Diante do exposto, consideramos que nossa hipótese de estudo – aquela de
que tais narrativas são destinadas a apagar qualquer contradição de sentido que
não o eufórico e a mascarar a existência da conflituosa relação entre brancos e
índios – foi confirmada, tendo em vista que conseguimos descrever/interpretar as
estratégias discursivas utilizadas pelos enunciadores das narrativas, neste trabalho,
conforme o que foi descrito no parágrafo anterior.
Consideramos, assim, que a escolha da análise de discurso de linha francesa
e das categorias de análise (cena da enunciação, cena genérica, cenografia e ethos)
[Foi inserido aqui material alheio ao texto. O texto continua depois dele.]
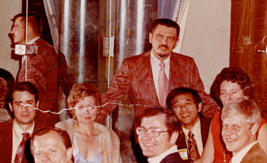 I came across this old photo. That is my dad there at the top and reflected in the mirror on the left. This was 1973 at some doctor’s thing, my dad being a doctor himself. The photo was torn but taped back together. Everyone is looking at the camera, everyone except the woman sitting to the left of my father – the one who thought it would be a perfect night to wear her negligee to the doctor’s thing.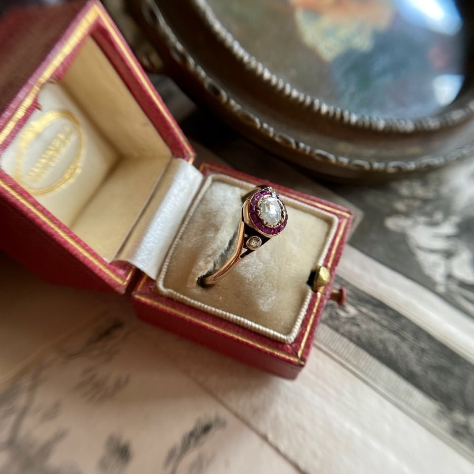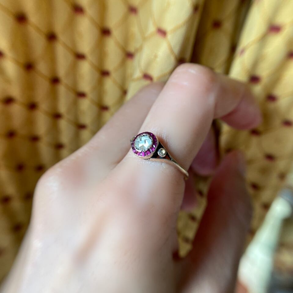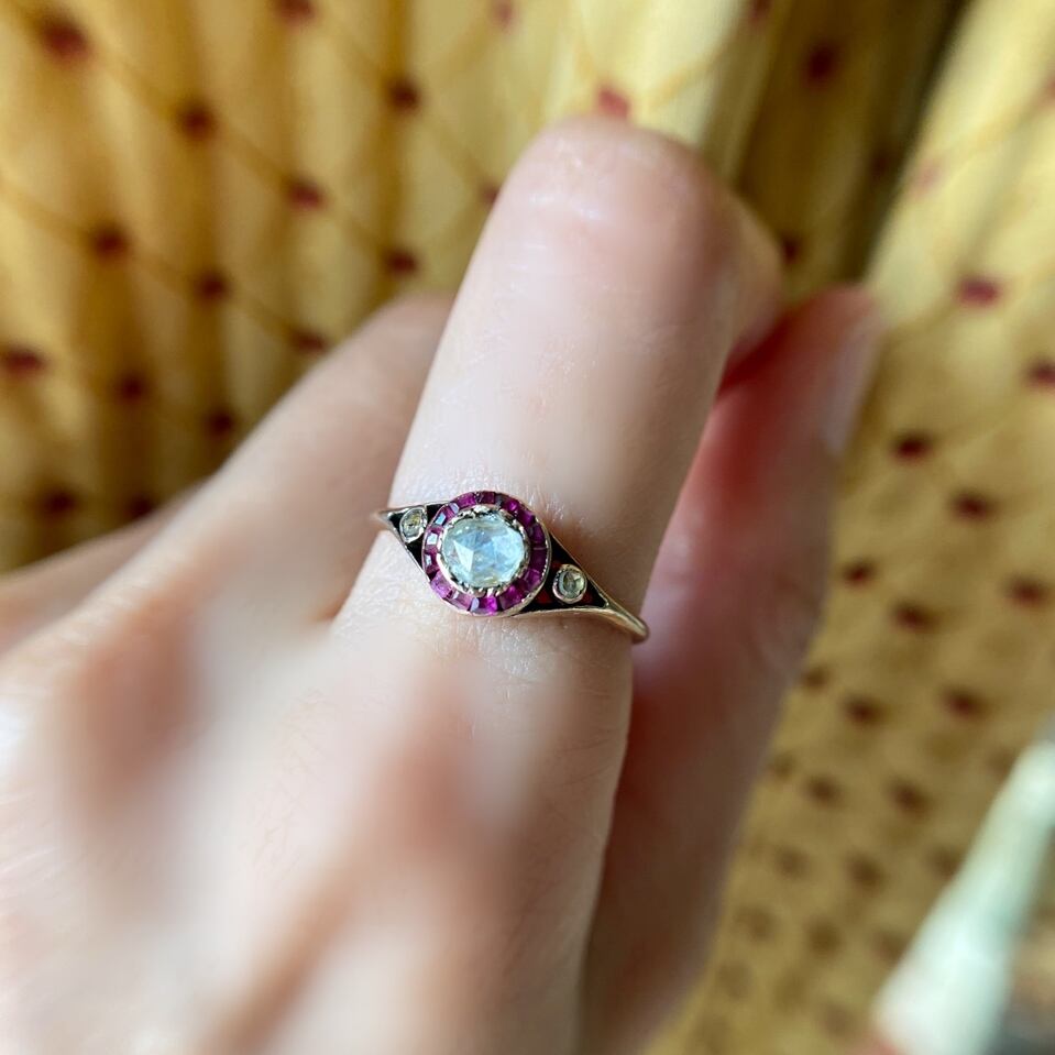 ダッチローズカットダイヤモンド&ルビークラスターリング

foi fundamental para a leitura do corpus que recortamos do extenso arquivo das
narrativas da ERX. No entanto, muitas outras questões de natureza conteudística ou
teórica poderiam ser abordadas na presente dissertação. Por exemplo, a quem
beneficiou e/ou beneficia o sentido eufórico dado aos Villas-Bôas nas narrativas em
análise? Por qual razão os contra-discursos, os que dizem disforicamente os Villas-
Bôas, embora presentes pela ausência nas narrativas em análise, não se dão em
circulação? Que relação as cenografias engendradas nas narrativas em análise
mantém como o momento histórico em que tais narrativas foram produzidas?
Cremos, entretanto, como sugerem inicialmente as aspas, presentes no título desse
tópico final, ou seja, que não se trata de conclusões finais, mas da abertura de
novas possibilidades, tais questões poderão ser tratadas em trabalhos futuros. Fica
aqui registrado o nosso compromisso pela continuação da pesquisa.